Он вернулся в село более чем через 20 лет, пройдя войну, жизнь в далекой Москве и еще одну тайную жизнь, о которой мало кто знал, а кто знал- молчал. Имя той жизни - разведка. Уже после сообщения о его смерти отец рассказал мне, что до и во время войны он был связным одной разведгруппы в Германии. Отсюда его великолепное знание немецкого языка. И сама судьба определила его стать учителем . Как он преподавал, я не помню. Но знаю, что после двух лет его обучения, я не знала проблем с немецким языком ни в школе, ни в университете.
Куда бежит усталая душа, где пытается укрыться? Конечно же,в детство, под сень родного дома, где можно уснуть в покое под треск огня в печи, под тихий говор матери с отцом, при свете тихих ламп и мурлыканье в ногах ленивого кота. Туда бежит душа, когда поймет, что все усилия стать больше и значительней, чем есть, ненужная тщета и суета. А главное в твоей судьбе – родители и родина. И только соответствие этому дает покой и волю.
Каждый приезд человека в село, будь то в отпуск или насовсем , был праздником. Ходили с героем дня от родственника к родственнику, от стола к столу не один день, пили, ели, пели, вспоминали. И когда спиртное окончательно распахивало душу, растягивалась гармошка, пускались в пляс с частушками, порой небезобидными. Наверняка, так встречали и его. Молода я была еще для таких радостей жизни, да и глупа, надо сказать, чтобы что -то понимать в той жизни. Я и не понимала. Как можно было бросить Москву и приехать навсегда в село, где и электричество только в обещаниях и в планах, где на многих домах соломенные крыши, а вода только в колодцах-журавлях, где в магазине лишь рыбные консервы, конфеты-подушечки и водка.Но, как говорится, не хлебом единым жив человек. И он приехал, и стал счастлив.
В тот день у нас тоже был праздник, если так можно назвать проводы. Мы уезжали из села навсегда, в далекую Эстонию, к маминой родне, к моей другой бабушке.
- Давай сыграем, - сказал он доставая из курицы дугу косточки.
- Как?
-Надо разломать мизинцем косточку, тем самым заключив пари.

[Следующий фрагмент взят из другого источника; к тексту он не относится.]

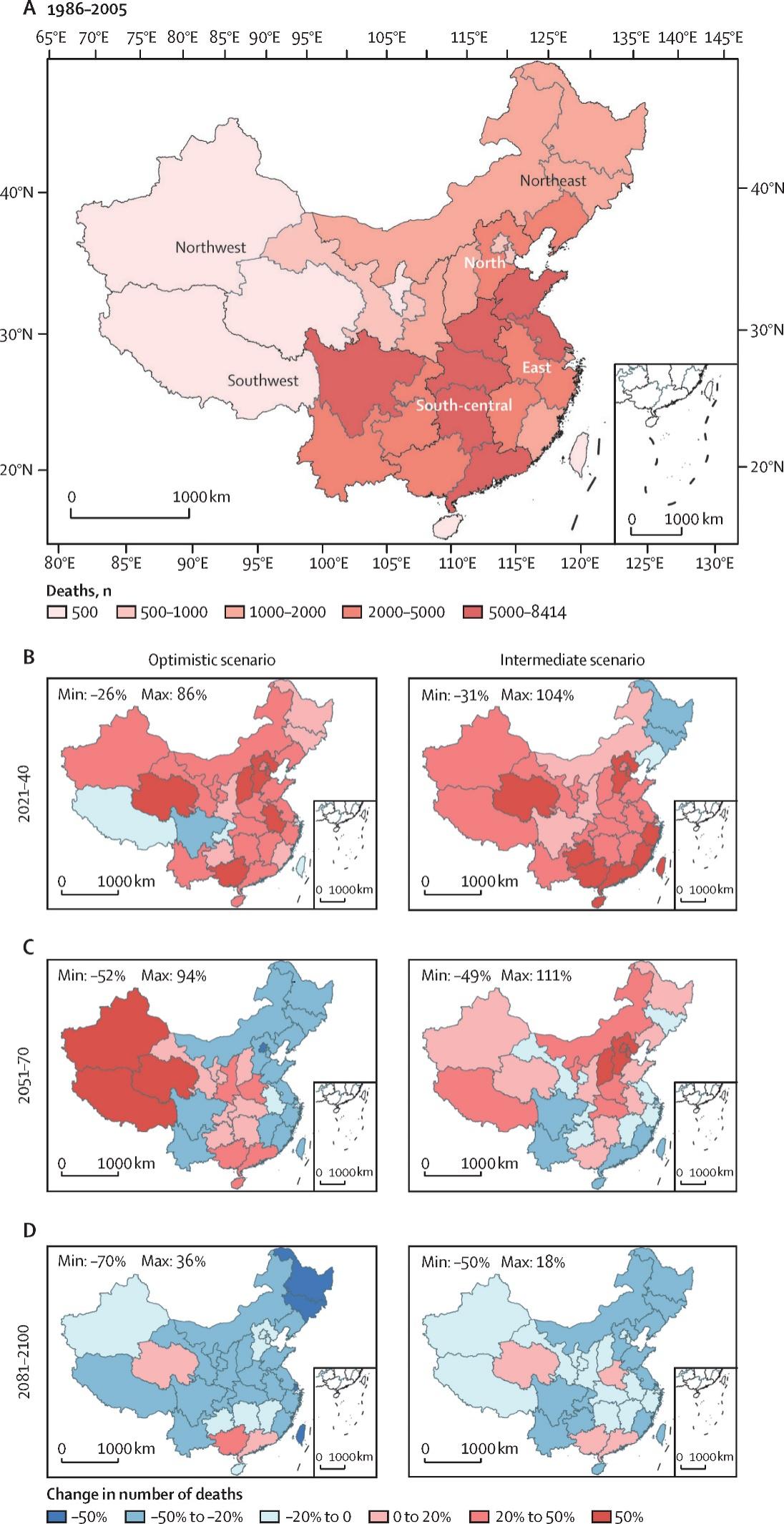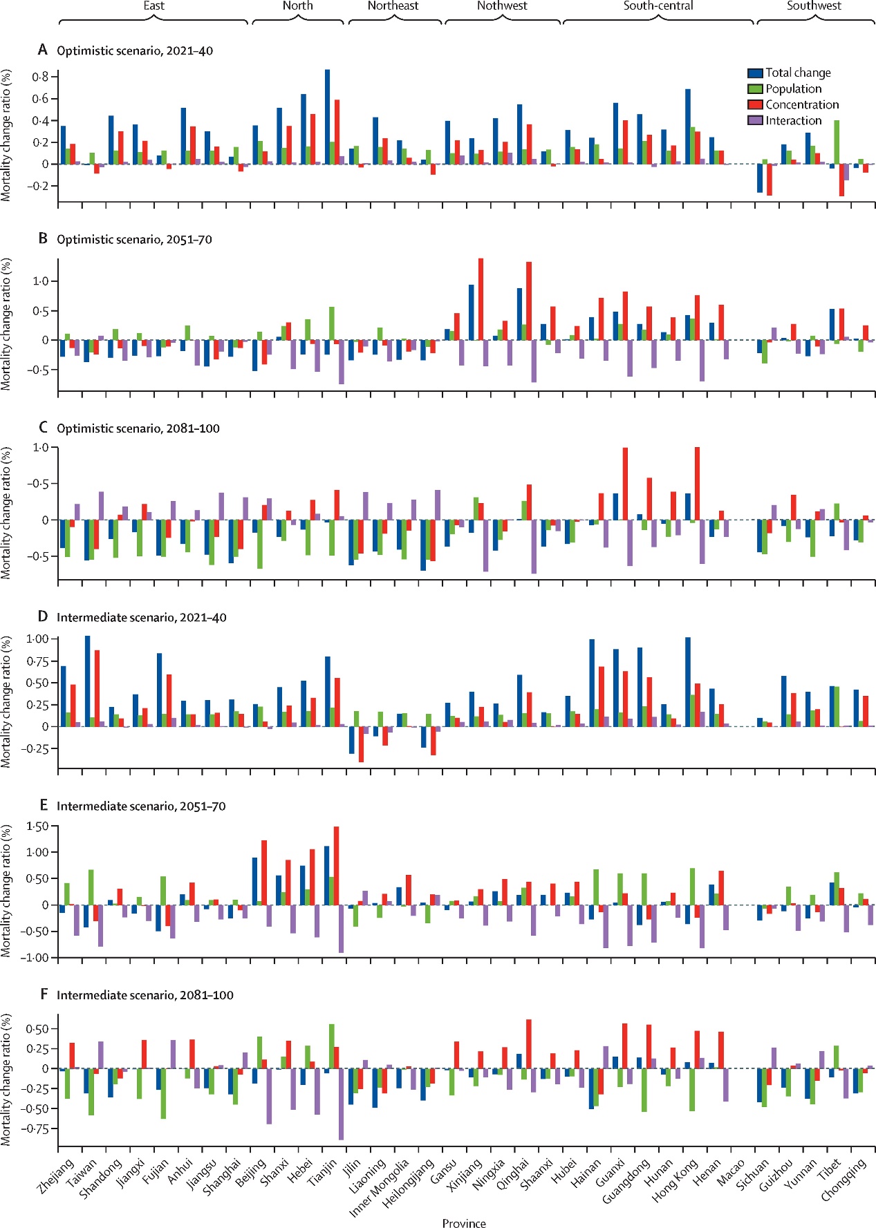 在气候变化背景下,野火(包括森林火灾、草地火灾、灌木丛火灾和农业废弃物焚烧等)未来发生的概率和强度受到广泛关注。野火排放产生的烟雾,尤其是其中的PM2.5对人群有重要的健康影响,需要非常精确的评估。然而,中国区域的野火具有范围小和持续时间短的特征,现有的未来火灾相关死亡风险的预测研究没有细致到省级层面,且采用的参数设置并不适用于中国人群健康体征。预测方法仅采用环境PM2.5暴露估算死亡率,而没有采用针对野火排放的PM2.5暴露估算的流行病学方法。

Когда берешь что-то от меня, успей сказать «беру, но помню!», не скажешь- я скажу «бери и помни!», а ты проиграла и должна выполнить мое желание.
Я проиграла через пятнадцать минут. Он влетел со двора с вытаращенными глазами с огромным решетом, наполненным яйцами, сунул его мне в руки, крикнул «Подержи-ка!»и убежал в другую комнату. Тут же вернулся, ехидно провозгласил «Бери и помни!» и захохотал, глядя, как я стою с решетом, яйцами и разинутым ртом, совершенно забыв про пари. А я стояла и представляла, как буду исполнять его желание, где-нибудь под столом, крича петухом, как это часто делали взрослые, играя в карты. Он будто прочитал все это на моей физиономии, перестал смеяться и произнес:
- Вот тебе мое желание – чтобы через год вернулась!
Не вернулась, ни через год, ни через пять, ни через всю жизнь, которая проглотила меня, как крокодил котенка вместе с потрохами и шкуркой. А он, он остался там, в далеком заволжском, чувашском селе, где провели электричество, газ, где был колхоз-миллионер, где была построена новая школа, хотя и старая была неплоха, где утром пахло росой и рассветом, а вечером парным коровьим молоком от стада, которое возвращалось с пастбища домой, где не надышаться воздухом после грозы, а грозы, как взятие Берлина. И все это, учитель мой, взяла я и помню.